Background Task Running
        │
        ▼
   Error Occurs
        │
        ├─── Stack trace captured in TaskState.error
        │
        ▼
You: "Claw, analyze that error"
        │
        ▼
AI reads SELF.md → knows which file to look at
        │
        ▼
AI calls read_source() → reads the actual source file
        │
        ▼
AI generates unified diff patch
        │
        ▼
propose_repair() → stores patch, sends Telegram proposal
        │
        ▼
You: "/approve 3"
        │
        ▼
patch_source() → applies diff to src/
        │
        ▼
npm run build
        │
   ┌────┴────┐
   │         │
PASS       FAIL
   │         │
Restart   Revert + notify
   │
Message: "Fixed ✅"

Security Model

Action Allowed Requires
Read source files AI can do autonomously
List source files AI can do autonomously
Analyze error + propose patch AI can do autonomously
Apply patch to source 🔒 Your explicit /approve <id>
Run build 🔒 Triggered only after your approval
Restart gateway 🔒 Triggered only after successful build
Modify workspace files Already permitted (existing tools)
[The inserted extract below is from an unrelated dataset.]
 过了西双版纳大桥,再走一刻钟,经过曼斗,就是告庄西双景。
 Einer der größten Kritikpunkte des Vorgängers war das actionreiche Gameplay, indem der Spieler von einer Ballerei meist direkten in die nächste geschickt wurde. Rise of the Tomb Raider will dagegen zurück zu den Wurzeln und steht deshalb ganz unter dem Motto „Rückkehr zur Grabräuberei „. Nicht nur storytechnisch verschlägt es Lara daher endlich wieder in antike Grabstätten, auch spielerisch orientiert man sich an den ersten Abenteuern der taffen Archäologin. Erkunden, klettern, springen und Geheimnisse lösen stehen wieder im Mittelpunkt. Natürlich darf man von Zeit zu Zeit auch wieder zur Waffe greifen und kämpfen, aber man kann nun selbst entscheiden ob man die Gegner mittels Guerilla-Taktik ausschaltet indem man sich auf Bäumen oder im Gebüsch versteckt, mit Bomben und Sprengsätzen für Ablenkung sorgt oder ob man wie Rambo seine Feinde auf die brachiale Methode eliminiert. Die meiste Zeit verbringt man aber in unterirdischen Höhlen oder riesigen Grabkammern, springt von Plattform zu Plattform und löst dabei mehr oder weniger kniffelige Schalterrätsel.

The AI cannot apply any source changes without an explicit approval command from you. Period.


File Checklist

  • workspace/SELF.md — architecture map for the AI
  • src/tools/source-access.tsread_source and list_source tools
  • src/tools/self-repair.tspropose_repair tool + patch storage
  • src/gateway/telegram-channel.ts/approve and /reject command handlers
  • src/tools/registry.ts — register the two new tools
  • CHANGELOG.md — document the feature when shipped

Open Questions / Decisions Needed

  1. Model capability: Self-repair requires the AI to write valid unified diffs. Qwen3:4b may struggle with this — consider gating propose_repair behind the secondary/orchestration model if one is configured.

  2. Build output: Should build errors be sent in full to Telegram (could be long) or truncated? Suggest: first 50 lines of compiler output, with a /browse link to the full log.
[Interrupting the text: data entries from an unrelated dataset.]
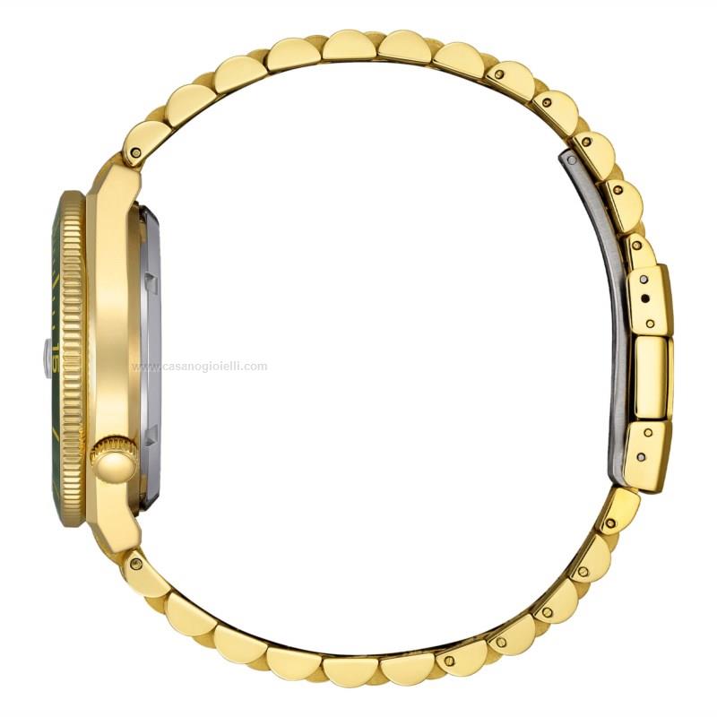 orologio citizen dal design moderno,perfetto per chi desidera un automatico elegante ma con carettere sportivo.cassa da 40mm in acciaio 316l,quadrante verde petrolio con finitura soleil protetto da vetro zaffiro resistente ai graffi.cinturino in acciaio dorato che richiama perfettamente le lancette e gli indici oro del quadrante datario a ore 3 con lente di ingrandimento e resistente all'acqua 5 atm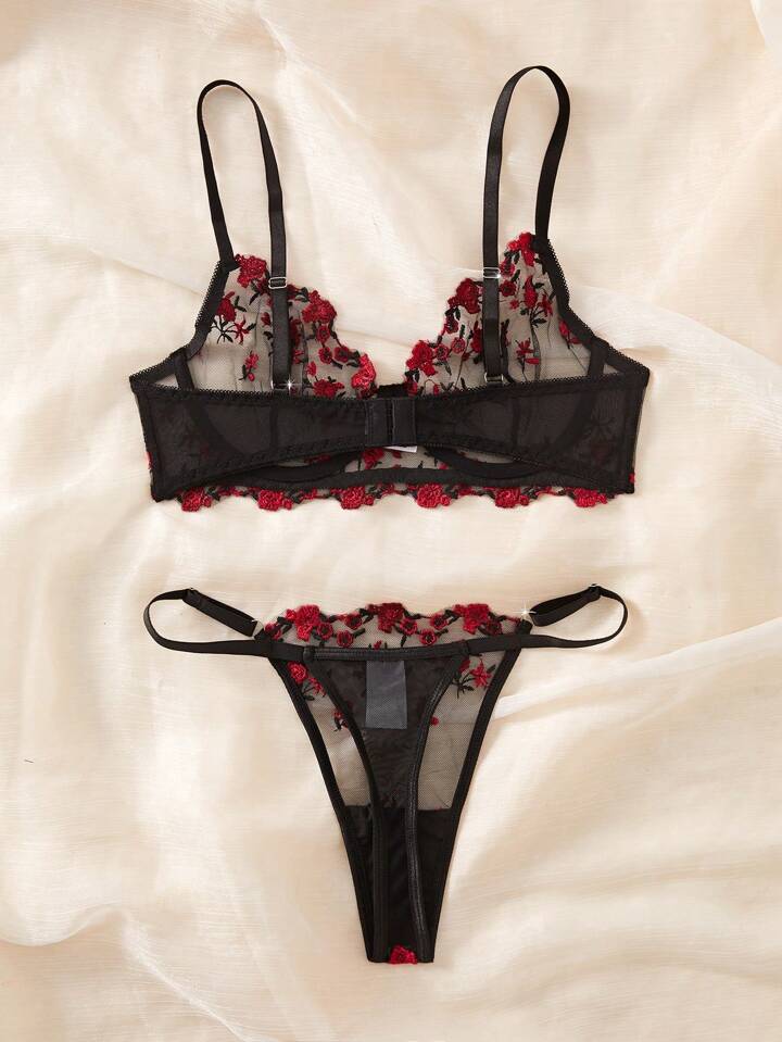 Atrevido, elegante y absolutamente irresistible: así es el conjunto "Rosa Nocturna". El contraste del tul negro con el bordado de rosas rojas crea un efecto visual seductor y de alto impacto. Un must-have para tu colección de lencería sensual.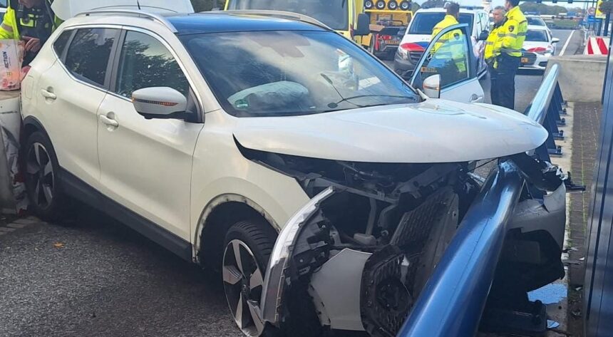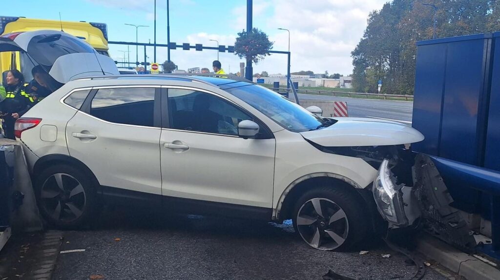 Vrijdagochtend ging het mis bij de tolpoortjes van de Kiltunnel: een auto klapte hard tegen de vangrail.

  3. Repair history: Should accepted/rejected repairs be logged to workspace/memory/? Recommended yes — gives the AI long-term awareness of what bugs it has found and fixed.

  4. Auto-propose threshold: Should the AI proactively propose repairs without being asked, or only when you explicitly ask? Recommend: proactive notification ("I found a bug") but passive proposal ("want me to analyze it?") — never auto-apply.